David Beckham played and even shook a fan’s hand, but he didn’t score.  His captain did.  Both were out done by the more than half-field goal by Claudio Lopez.

I didn’t see the Red Bulls / Colorado game, but I didn’t really have to, did I?  RBNY really is THAT bad.  Unfortunate for MLS.   Hysterical for a Revs fan.

World Football Challenge

I struggled to care about these games. How is it possible that some of the best teams in the world are visiting and I struggle to care?  Frankly, it’s sad to me that the crowds are coming out for a pre-season warm up “competition” in such numbers as to suggest they had no other soccer to watch in this country. I thought Taylor Twellman’s (whose team gets maybe a third of today’s crowd) tweet said it all “gosh I wish the stadium filled like this for OUR games be so cool.”   Yes, it would . . .

Taylor also tweeted on the joys of playing on natural grass. Which makes me wonder . . . if it is feasible to install a grass field for some of these one-off games is it really out of the question for MLS to do something for the part of their season that doesn’t conflict with the NFL?

As for the AC Milan / Inter Minal game, the idea that this game was anything like a true “derby” is laughable if I’m being generous. I’ve been to a European derby (Chelsea/Arsenal), a Brazilian Derby (Fluminense/Flamengo — OK, preseason, but still) and actually stood in the last row of Inter’s Ultras at the amazing San Siro.   The intensity of those games is hard to describe.   What happened at Gillette earlier today pre-season warm up with a little extra juice than the others we’ve seen in this tournament.  But not much more.

Friday Musings on the Gold Cup


We beat Honduras.   Again.   What have we learned about the US “B Team” – if we can call them that?   They are pretty good.   But, it’s Sunday against Mexico for the final where we’ll really learn something.  Watching  the beginning of  Mexico/Costa Rica was like re-watching USA/Honduras in fast-forward – more energy, more pace. Sunday will be intense for the new US players.  Sadly the crowd will not be pro-USA in Giants Stadium and the pressure will be on.

I’d be OK with ‘dos a cero.’   Again.  Good times.

There are already lots of player-raters out there, so I’m not sure I have too much to add, but  . . .

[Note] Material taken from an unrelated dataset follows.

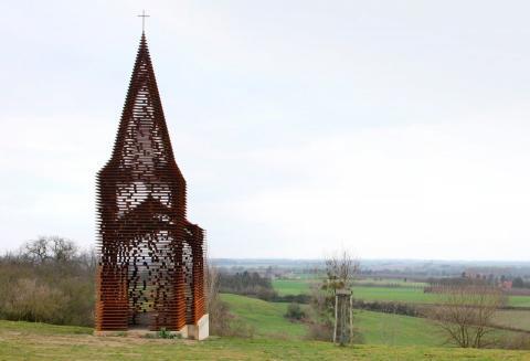 Это конструкция из стальных деталей, соединённых таким образом, что она меняет внешний вид в зависимости от ракурса. С одной точки зрения церковь выглядит как традиционное здание, характерное для нидерландской архитектуры. С другой — она как будто становится прозрачной, пропуская свет через множество отверстий, из которых состоят её стены.

  • Stuart Holden has the US fan base swooning.  I think he will/should make a strong run at the first team for qualifiers.  (Have I joined the man crush?   I suppose so.)
  • I’m happy for Jay Heaps (as an unabashed Revs fan), he was beaten up over his first performance in the Gold Cup (mostly deserved) and has bounced back like the battler Revs fans know he is.
  • I never want to think Brian Ching brings much to a game.  But he does.  (Not sure if my bias is a remnant Revs-fan-fueled debates of “should be Taylor Twellman getting Ching’s chances with the Nats” days of the past.)
  • I wonder if Michael Parkhurst or his club FC Nordsjælland expected he’d see the field after getting called back in.   They are all probably just as happy he stays injury free.

Add a few countries, get a few fans . . .

What a world of difference an international competition(s) makes – attendances have been strong for both the Gold Cup and World Football Challenge.   However, do ‘we’ do all we can to use these games as a chance to build a “let’s go to the game” tradition that spills over into MLS?     Well, here’s a nice write-up from on the atmosphere at last night’s double-header.   Lightning, rain, power outages and “extortion” (my word for $40 parking) weren’t enough to stop the fun.

Speaking of that parking cost . . .  Parking at a Chicago Fire game apparently costs $15 at Toyota Park which means the first-time Chicago-soccer attendees are incorrectly left with one more, pricey reason to not bother attending an MLS game.   Too bad . . .

I could get used to this . . .

Another competition . . . . another final.   Of course there is no comparison.  Of course the Confederations Cup was an unreal, unexpected and somewhat lucky run.   Of course the Gold Cup is stacked in our favor being played here in the good ol’ USA.   But I don’t care.   Arsenal fans used to have a shirt to the effect of “You win some, you tie some” during a crazy unbeaten streak they had a few years back.   Maybe the USA “Don’t Tread on Me” soccer theme will need the addition of “See you in the final.”

Never mind, I prefer the slogan we earned from last year’s Gold Cup.